Re: cvs2svn conversion directly to git ready for experimentation

Michael Haggerty <mhagger@xxxxxxxxxxxx> · Fri, 03 Aug 2007 01:19:34 +0200

Linus Torvalds wrote:
> On Thu, 2 Aug 2007, Steffen Prohaska wrote:
>> Right now, I'd prefer the import by parsecvs because of the
>> simpler history. However, I don't know if I loose history
>> information by doing so. I'd start by a run of cvs2svn to validate
>> the overall structure of the CVS repository.
> 
> Well, once imported, you could just go through the branches and tags, and 
> just delete the ones you consider uninteresting, and then do a "git gc".
> 
> You'd want to re-pack after a fast-import anyway (regardless of the source 
> of the fast-import input), so maybe cvs2svn ends up giving you a bit 
> unnecessary info, but it should be easy enough to get rid of 
> after-the-fact.

The real goal is to get cvs2svn to include the useful information and
exclude the rest. :-)

I definitely want to address the problem of the helper branches used to
create tags.  This problem has has two aspects:

1. The helper branches should be deleted after the tag has been defined.
 I simply couldn't figure out how to do this using git-fast-import, and
git-fast-import complained when I tried to use a branch called
"TAG_FIXUP" without the "refs/head/" prefix.
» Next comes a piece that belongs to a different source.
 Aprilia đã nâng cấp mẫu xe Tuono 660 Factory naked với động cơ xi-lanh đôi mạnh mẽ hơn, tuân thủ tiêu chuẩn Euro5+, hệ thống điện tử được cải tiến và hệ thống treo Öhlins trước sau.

2. The helper branch is not needed at all if an existing revision has
exactly the same contents as needed on the tag.  This requires cvs2svn
to keep a record of which files exist in the complete file tree on every
branch at every revision (which it can already do, though it is
expensive), and also to give it the smarts to choose the optimal tag
point (which it already does, except that it currently doesn't penalize
sources that require files to be deleted before making the tag).
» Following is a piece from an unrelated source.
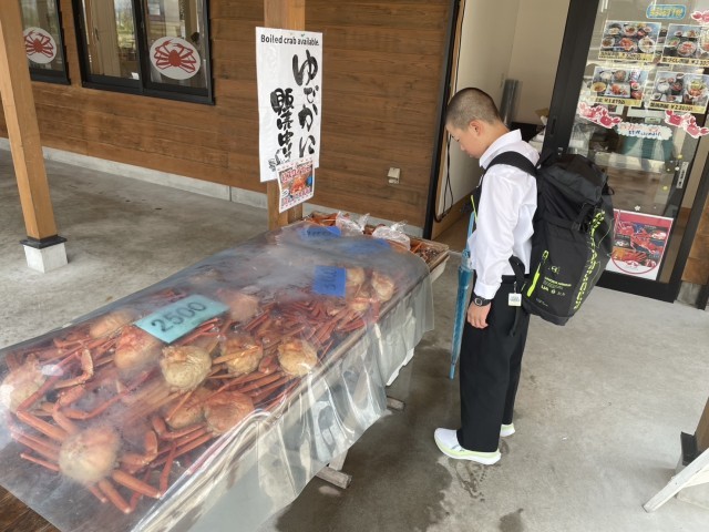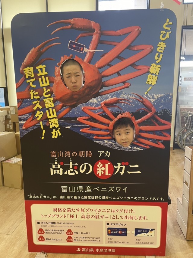 新湊きっときと市場で売られている蟹が気になるようです。

If the problem is lots of seemingly-unnecessary merges involving a
vendor branch, then it is time for me or some other volunteer to add the
optimization of allowing branches to be grafted from the vendor branch
to trunk.  I know of the problem and have a good idea how to implement
it; it is just a matter of finding the time to get it done.

If the problem is unlabeled branches that can't be excluded (because
other branches or tags depend on them), then the real problem is that it
is not known which unlabeled branches in individual files correspond to
the same project-wide conceptual branch.  I have considered two
possibilities to improve this situation:

1. Allow unlabeled -- indeed any -- branches to be discarded even if
other branches or tags depend on them.  This could be done by
incorporating the content of the source revision (i.e., the revision on
the unlabeled branch that is going to be discarded) into the zeroth
revision of the daughter branch, then grafting the daughter onto the
branch from which the unlabeled branch sprouted.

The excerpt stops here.